Una lettura ecclesiale richiede maggiore pazienza.

Il Pontefice deve essere giudicato anzitutto a partire da ciò che realmente insegna e compie, tenendo conto della diversa autorità dei suoi atti e del contesto nel quale vengono posti. Un saluto pastorale, una nomina, un’omelia e un atto magisteriale non possiedono lo stesso peso e non possono essere utilizzati indiscriminatamente per costruire la presunta ideologia di un pontificato. La stessa prudenza che chiediamo quando leggiamo un documento dovrebbe accompagnarci quando interpretiamo una decisione di governo.

C’è anche una ragione spirituale per custodire questa libertà dello sguardo.

Se pensiamo il Papa principalmente come il rappresentante di una corrente, finiamo inevitabilmente per costruire il nostro rapporto con lui sulla base dell’appartenenza. Lo applaudiremo quando sembra favorire il nostro campo e cominceremo a sospettarlo quando prende una strada diversa. In tal modo la comunione ecclesiale viene lentamente sostituita dalla logica della tifoseria, e il Successore di Pietro viene trattato come il leader di una parte che deve dimostrare ogni giorno di meritare il sostegno ricevuto.

La disciplina del conclave e la dottrina cattolica sul Primato ci conducono in un’altra direzione.

I cardinali sono chiamati a discernere chi possa servire meglio la Chiesa universale; una volta che l’eletto accetta, egli assume una responsabilità che supera ogni eventuale aspettativa particolare. Universi Dominici Gregis chiede agli elettori di scegliere avendo davanti la gloria di Dio e il bene della Chiesa. Quella stessa prospettiva diventa, dopo l’elezione, il criterio attraverso il quale il nuovo Papa dovrà esercitare il proprio ministero. (Universi Dominici Gregis)

Questo non rende irrilevante la storia concreta degli uomini e non trasforma ogni decisione pontificia in qualcosa di automaticamente perfetto. I Papi possiedono temperamenti differenti, possono valutare diversamente situazioni prudenziali e portano nel ministero la propria formazione e la propria esperienza. La fede cattolica non richiede di cancellare questa umanità, perché Cristo ha affidato il ministero di Pietro precisamente a uomini reali.
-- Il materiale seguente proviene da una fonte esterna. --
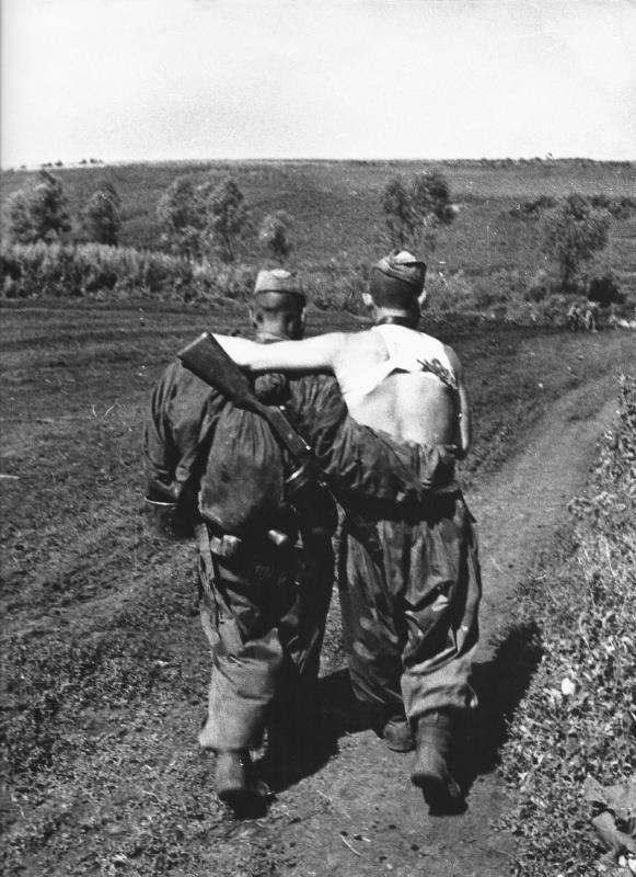 На фото - боец помогает раненому товарищу. Судя по маскхалатам - оба из саперов или разведки, не просты.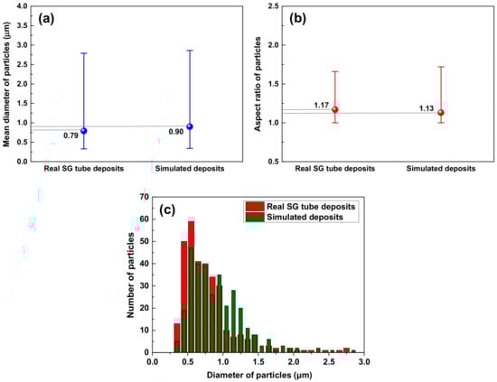 Figure 7 presents the particle characteristics such as mean size, aspect ratio, and size distribution. As shown in Figure 7a, the mean diameter of the simulated deposit particles was relatively larger than that of real flakes, but the distribution range is almost similar. The aspect ratio of the simulated deposit particles was nearly same as that of the real deposit particles (Figure 7b). The simulated deposit particles and real SG deposit particles with diameters ranging from 0.3 μm to 1.2 μm constitute 81% and 89%, respectively (Figure 7c). On the basis of these results, we think that the simulated deposits were appropriate to simulate the real SG tube deposits from the viewpoint of particle size and morphology.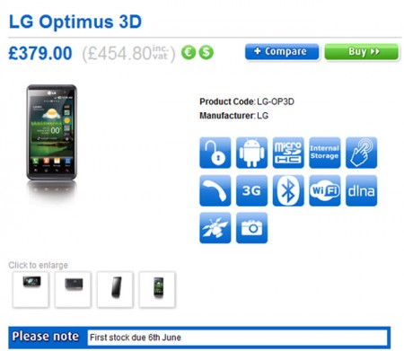 LG Optimus 3D в продаже с 6 июня через британский Clove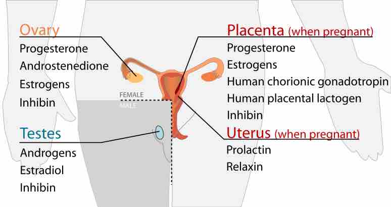 The gonads are the sex organs. Male testes produce androgens, while female ovaries produce estrogen and progesterone.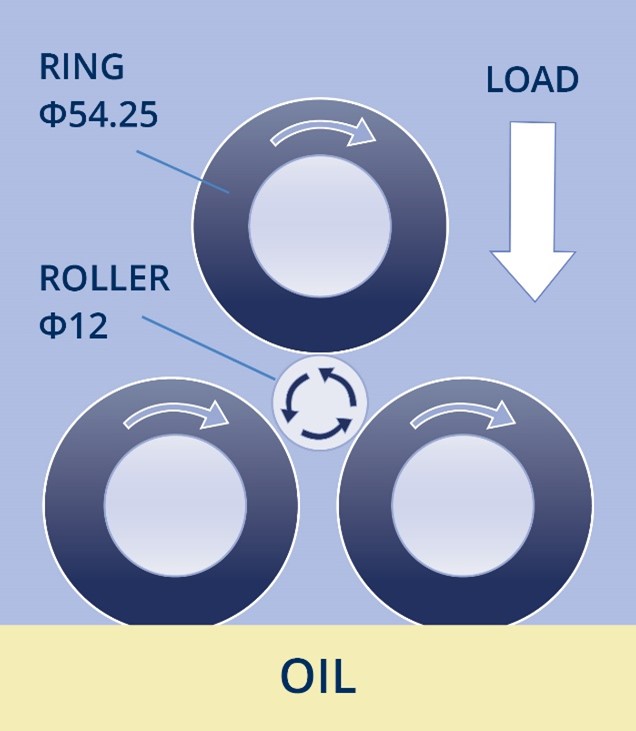 | Verwendete Prüfkörper und Kontaktgeometrie | Drei äußere Scheiben (je ⦰= 54,25 mm) gegen eine innere Rolle (⦰= 12 mm) im Zentrum. ![]() |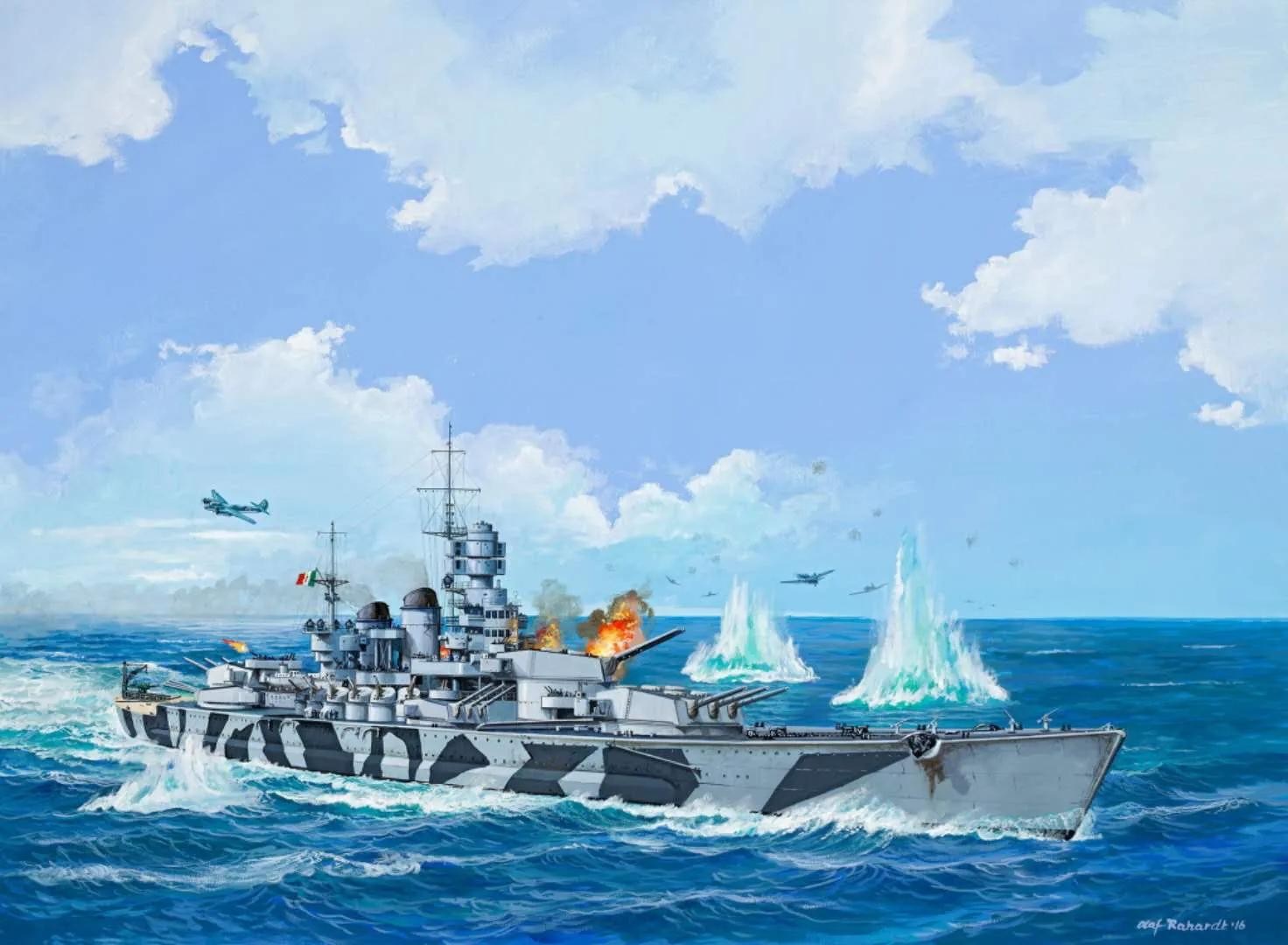 舰载机及航空设施:3架Ro 43型水上飞机和1部舰尾水上飞机弹射器(1942年年底,1-2架Ro 43型水上飞机被替换为Re 2000型战斗机)

Chiede piuttosto di ricordare quale responsabilità abbia ricevuto quell’uomo.

Il Papa non appartiene ai cardinali che lo hanno eletto, non appartiene al gruppo ecclesiale che sperava nella sua elezione e non appartiene neppure a coloro che, dopo l’elezione, cercano di appropriarsi delle sue parole per dimostrare di avere finalmente vinto una battaglia interna alla Chiesa. Appartiene al servizio affidatogli da Cristo, e proprio questa appartenenza gli domanda di essere padre dell’intera comunità ecclesiale, anche quando esercitare tale servizio significa deludere le attese di chi avrebbe preferito vederlo schierato.

Forse è questa la libertà più profonda del ministero petrino.

Una libertà che non scioglie il Papa dai legami della fede ricevuta e, proprio perché lo lega più radicalmente a Cristo e alla Chiesa universale, lo sottrae alla pretesa delle parti di trasformarlo nel proprio rappresentante.

Quando osserviamo Leone XIV nei primi mesi del suo pontificato, sarà bene ricordarlo. Possiamo discutere, studiare e cercare di comprendere le sue scelte; ciò che dovremmo evitare è pretendere di conoscere in anticipo ciò che egli “deve” fare sulla base delle aspettative attribuite a chi lo avrebbe eletto.

Il conclave si conclude quando l’eletto accetta.

Da quel momento comincia un’altra storia: quella di un uomo che ha ricevuto il compito di servire l’unità della Chiesa e che, alla fine, dovrà rispondere di quel servizio non davanti a una cordata, bensì davanti a Cristo.